— Наследника престола?
— Да. И технически это ты.
Возможно, пришло время паниковать.
Её голос снова становится приятным, как будто они обсуждают погоду.
— Конечно, я бы никогда не признала кровную связь, если бы не нашла для неё применения. Но мне внушает отвращение одна мысль о том, чтобы ради мира, едва ли влияющего на нашу оборону, отправить свою внучку жить среди животных. — Она изящно вздрагивает. — Такая досадная обуза, что приходится сдерживать этих тварей, но что поделать. После потери дочери у меня нет совершенно никакого желания отдавать ещё кого-то от своей крови, чтобы удовлетворить прихоти низших рас. — Её губы растягиваются в ледяной улыбке. — Но мне и не придётся. Я пошлю тебя.
— Вы не можете меня отдать, — восклицает Стайлз, в отчаянии отступая назад. — Я вам не принадлежу!

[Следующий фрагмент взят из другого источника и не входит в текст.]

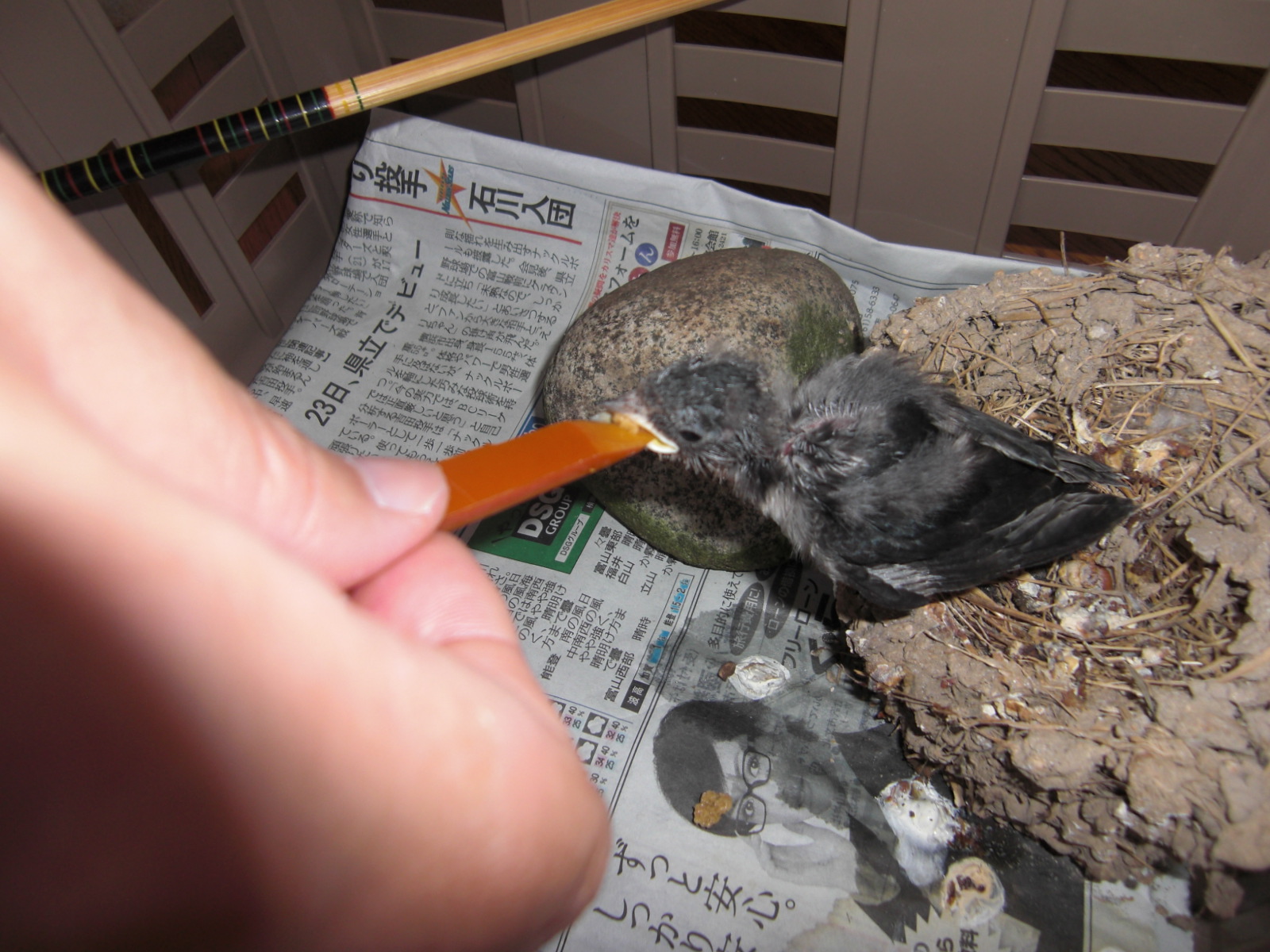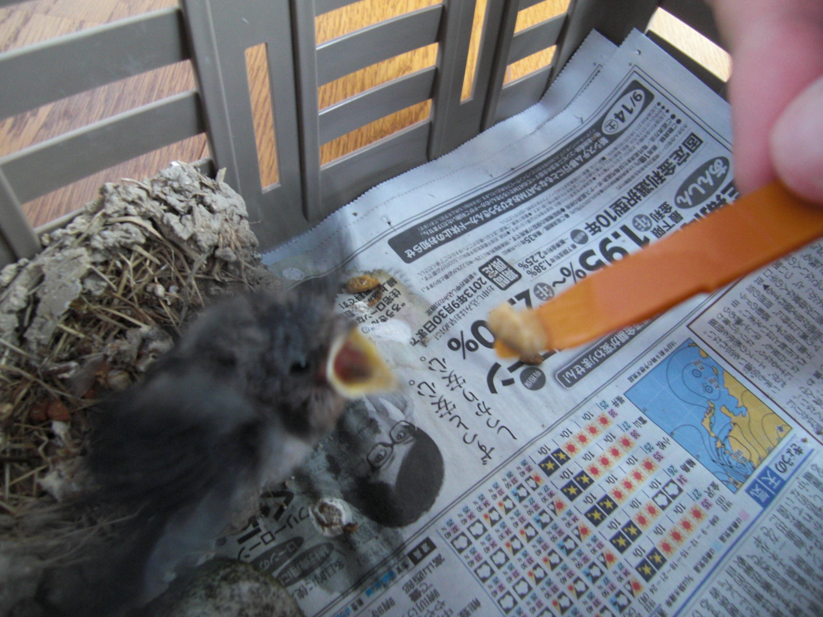 落下したひなをどうしたものか…。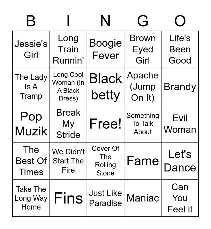 This bingo card has a free space and 50 words: My Girl (Gone Gone Gone), Can You Feel it, Heartbreaker, Just Like Paradise, We Didn't Start The Fire, Rock'N Me, Long Train Runnin', In America, The Lady Is A Tramp, I'm Gonna Be 500 Miles, Long Cool Woman (In A Black Dress), Brown Eyed Girl, Let's Dance, Fame, Dream On, Cold As Ice, Black betty, Something To Talk About, Should I Stay Or Should I Go, Life's Been Good, Break My Stride, Maniac, Jessie's Girl, Apache (Jump On It), Don't Stop Me Now, Ballroom Blitz, Brandy, Amie, Boogie Fever, Cover Of The Rolling Stone, Hold The Line, Rock &Roll Hoochie Koo, Margaritaville, Cheeseburger In Paradise, Fins, The ballad Of Curtis Loew, Jack & Diane, Glory Days, Midnight Rider, Evil Woman, Cars, Come Sail Away, Barracuda, This Is It, Take The Long Way Home, Pop Muzik, Crazy Little Thing Called Love, Money, The Best Of Times and Summer Breeze.

Королева поворачивается к нему, прелестно дуя губы. Её пальцы всё ещё испачканы кровью и ошмётками плоти.
— Не пойдёшь по-хорошему? — говорит она. — Жаль. Но это не так уж и важно. Твоя мать отдала свою жизнь ради Джона Стилински. Я уверена, ты поступишь так же.
Стайлз даже не успевает потребовать от неё объяснений, как по взмаху её руки двое стражников втаскивают в сад его отбивающегося папу. Он бледен, морщины на его лице проступили сильнее прежнего, а в глазах плещется страх, но напряжение слегка ослабевает при виде живого и здорового Стайлза.
Стражники швыряют его на землю к ногам Королевы.
— Стайлз, — торопливо выдыхает папа с облегчением. Его голос срывается. — Ты в порядке.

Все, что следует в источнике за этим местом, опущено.